So-called crash for cash (C4C) fraudsters are forcing UK insurers to charge decent honest right-thinking motor insurance policyholders £5 million more for their car insurance than they would otherwise have had to.

And that’s not £5m more a year. It’s not £5m more a month. It’s not even £5m more a week. It’s £5m added the the cost of your private car insurance policy every single day of the year!

That, at least, was the claim made by big yellow insurance company Uvavu, who also claim that 36,000 fake crashes have been staged on the UK’s roads over the past two years, prompting widespread calls for a complete ban on motor insurance claims until we can figure out what the h*ll is going on.

Insurers in particular have had enough of empty government promises to stem the flood of spurious personal injury claims that threatens insurers’ ability to earn a decent crust without constantly increasing premiums.
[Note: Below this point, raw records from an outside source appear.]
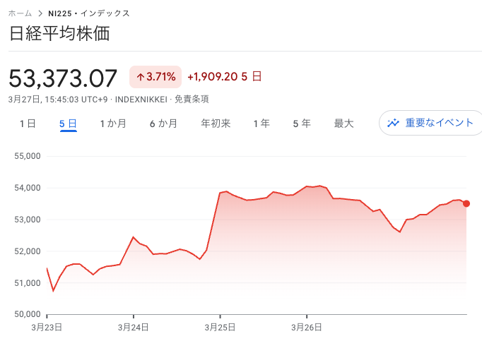 一時は53,000円台も割れるなどイヤな展開でしたが、今日は3月末決算の「権利付き最終日」。朝方の急落を絶好のディスカウントと見た配当&優待狙いの買いが下値をサポートしました。
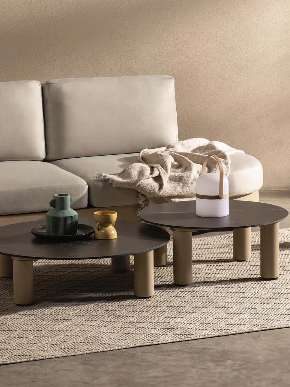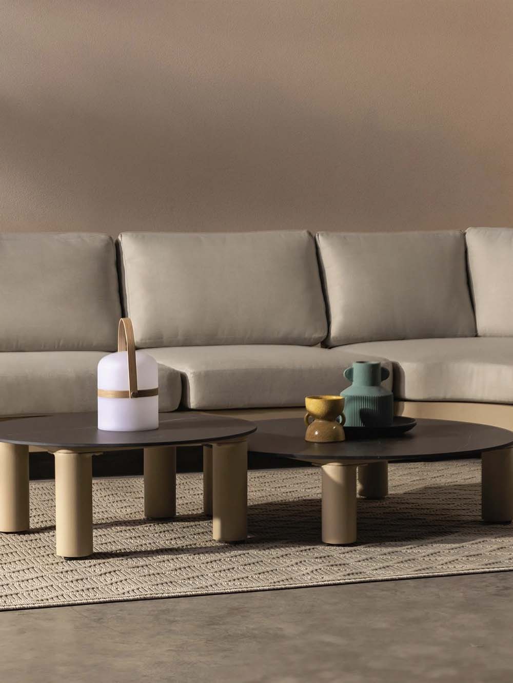 Komplekto sudėtis: kampinė sofa ir 2 kavos staliukai.
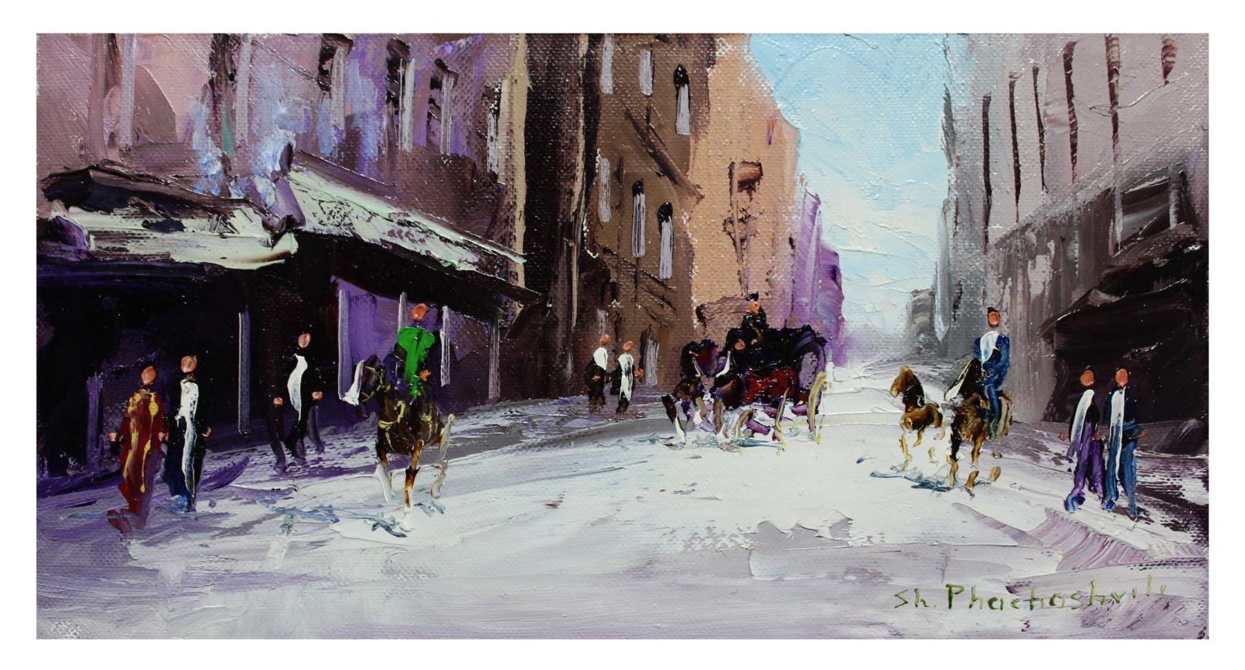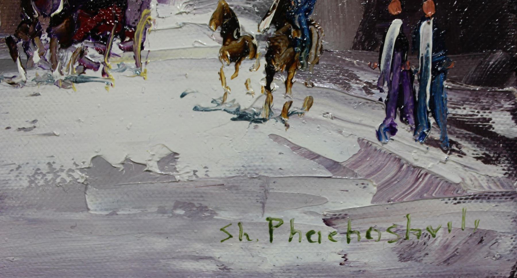 Artist: Shalva Phachoshvili. Medium: Original Oil on Canvas. Title: Weekend. Size (Unframed): 6" x 11". Certificate of Authenticity: From the publisher. Reference# 11052.

It was two years ago, Uvavu note, when then Chancellor George Frogspawn said he’d have it all sorted out in no time by cutting compensation for trifling harms and banning lawyers from recovering costs on low-value claims.

Since then, there have been another 1.5 million payouts made for minor injuries (totalling £2.7bn in claims costs, £1m in lawyers’ fees and thus £5m a day added to your motor insurance costs and ours, Dear Reader). When, Oh when, will a halt be finally called to all this costly nonsense?!
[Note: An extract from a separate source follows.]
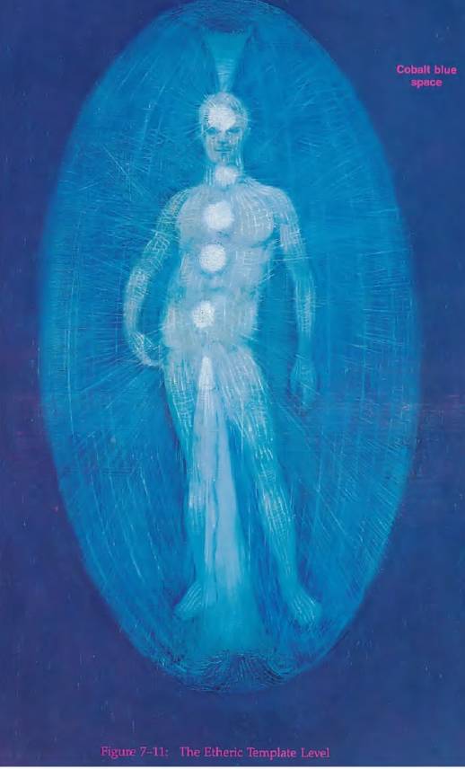 以太層的結構,從以太模板層獲取。它是以太層的藍圖或理想形式。它延伸到肉體外1.5~2英尺。生病時,當以太層有毀壞,就需要以太模板提供支持,以便以太層恢復到模板形式。在這一層,聲音創造物質。在這一層聲音療愈最有效。在第23章會有詳細討論。在我的靈視中,這層身體像是鈷藍色背景上的亮線或透明線,很像建築師的藍圖,只不過它存在於其它維度。它似乎完全填充了背景,而空餘的空間用於創造形狀。

Uvavu says it has thrown out one in every seven third-party whiplash claims it’s received over the past year on the basis that they might have been dodgy (i.e. the claims might have been dodgy).

The company also said it had fought 1,200 cases in which it thought its policyholders had been wrongly accused of causing injury, winning around three quarters of them, and securing 250 findings of fundamental dishonesty.

Uvavu employs 5,000 people in desolate provincial backwater Norwich and – provided something gets done soon to staunch the flow of ‘personal injury’ pay-outs that is bleeding its decent ordinary claims-free customers dry – hopes to continue so doing.